Con Abitare i Paduli, il Parco attraversa i tre momenti fondanti della sua avventura: il primo è stato il progetto Lampa, con la gestione di 500 alberi di ulivo secolari e la produzione di un olio di altissima qualità, chiamato Terra dei Paduli. L’elemento produttivo si lega a quello culturale, con la nascita del coro dei Paduli e la ricerca filologica sugli antichi canti agricoli delle raccoglitrici, ma non solo, attraverso una riscoperta di tutto un bacino di storie legate alla produzione dell’olio e il recupero di luoghi legati all’attività agricola, come chiese rupestri e frantoi. Da qui nasce anche “Storie Lampanti”, il libro che raccoglie 15 storie dei Paduli e illustra il parco nella sua dimensione produttiva, ma anche attraverso quella contemplativa, che inizia quando finisce la stagione del lavoro dei campi: “il racconto è un’arma di valorizzazione del territorio”.

 

 

Il secondo momento è stato Nidificare i Paduli, con la progettazione di abitazioni sostenibili all’interno del parco. Oggi, arrivato alla sua terza edizione, il laboratorio propone un concorso internazionale per l’ideazione e la costruzione di un rifugio per il futuro albergo biodegradabile del parco, riutilizzando i rifiuti agricoli e le risorse esistenti, come canne, paglia, terra, e lavorando sulla morfologia dei luoghi. “Le abitazioni costruite finora, oltre ad essere perfettamente funzionali e autosufficienti, hanno un fortissimo impatto estetico”, commenta Mauro, “vogliamo che l’arte giochi soprattutto un ruolo legato alla costruzione di relazioni, diventi un viatico per la creazione di un nuovo tipo di economia”. I nidi sono inseriti all’interno di un pacchetto turistico, che comprende un itinerario in bici, un aperitivo a km 0, la possibilità di passare la notte in un bosco di ulivi. “L’obiettivo è anche quello di incrementare un turismo non solo legato al mare, nel periodo di maggiore aggressività delle coste, un’idea di viaggio alternativa che si rivolge a viaggiatori che amano il turismo sostenibile, si muovono in bicicletta, vivono con il minimo indispensabile”. Oltre a questi rifugi, ci sono poi una casetta, una foresteria e una casa del cicloturista, per chi ha bisogno solo di fermarsi per una notte.

 

Dopo aver raccontato la storia ed esplorato le potenzialità dello spazio, i Paduli diventano anche immaginario, con il terzo momento del progetto, Creature dei Paduli. Il parco si muta in luogo della fantasia, popolato di maschere, fiabe, miti. “Siamo partiti da un’antica favola otrantina e insieme ai bambini abbiamo costruito il mostro Niodemo”, racconta Mauro, “che da lontano incute paura e da vicino fa ridere, un mostro che protegge i paduli”. Ogni personaggio è poi associato a una storia, a una creatura, ad una pianta e ogni fiaba è geolocalizzata all’interno del parco: è come se queste creature vivessero nei paduli e si moltiplicassero.
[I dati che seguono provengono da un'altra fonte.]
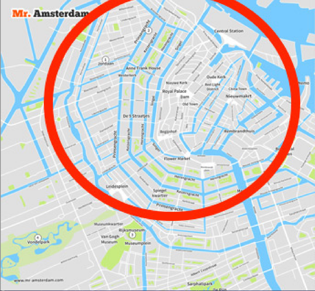 Ça c'est Amsterdam, et en rouge, la zone ou j'ai zoné non-stop (c'est très grand, il faut 1h30 de marche pour aller d'un bout à l'autre)

“Sono i ragazzi che pensavano di non tornare più, soprattutto per raccogliere le olive, il vero motore del progetto”, commenta Mauro, “è grazie a loro che l’attività di un’associazione culturale sta diventando, giorno dopo giorno, impresa e occasione di economia alternativa”. Oggi i Paduli vendono il loro olio, propongono un diverso tipo di turismo, offrono itinerari nelle campagne, creano contesti di profitto sfruttando solo una parte delle infinite potenzialità del luogo. “L’obiettivo è raggiungere la completa sostenibilità”, continua, “lavorando sul coinvolgimento della comunità”. Dopo un momento iniziale di timidezza, sono gli abitanti dei Paduli la vera massa critica oggi: “noi del Lua abbiamo operato in modo tale da aggiungere quante più variabili possibili e avere un punto di vista completo e sfaccettato sul contesto, per fornire una soluzione che sia decisa insieme, e siamo sempre pronti a cambiare rotta”.

 

Oggi le storie dei Paduli, le esperienze intime di ciascuno, i ricordi, sono diventati patrimonio di tutti, dimensione collettiva: “è stato costruito uno spazio di dialogo e discussione in cui tutti si sentono in diritto di dire la propria, perché non vi è alcuna concezione piramidale e ogni punto di vista ha la stessa dignità”, continua Mauro, “questa anarchia è stata scambiata per mancanza di organizzazione all’inizio, ma è nella ricerca delle soluzioni attraverso la casualità che sono venute fuori le idee migliori”. E l’obiettivo primario è stato proprio quello di sviluppare una consapevolezza del luogo: “i Paduli sono sempre stati qui, non abbiamo inventato nulla di nuovo, ma oggi abbiamo la percezione di avere imparato a viverli, che i Paduli siano un luogo a cui finalmente tornare”.

L’ambizione del parco è diventare il primo grande centro culturale agricolo in Europa, legato alla dimensione rurale. “Andiamo in una direzione in cui non è necessario costruire dal nulla, ma potenziare quello che già c’è, renderlo accessibile, vivo, attivo”. In un’epoca in cui amministrazioni e giunte si magnificano attraverso grandi opere e infrastrutture, la nuova architettura illuminata investe sul patrimonio immateriale: “il parco è un museo aperto, non ha bisogno di edifici, energia, manutenzione, ma di una connessione attiva per permettere ai visitatori di accedere a un database di storie e visitare il parco in autonomia”, conclude Mauro, “abbiamo bisogno di risorse umane, di fiducia e di continuare la ricerca: finché continueremo a sperimentare, i Paduli vivranno”.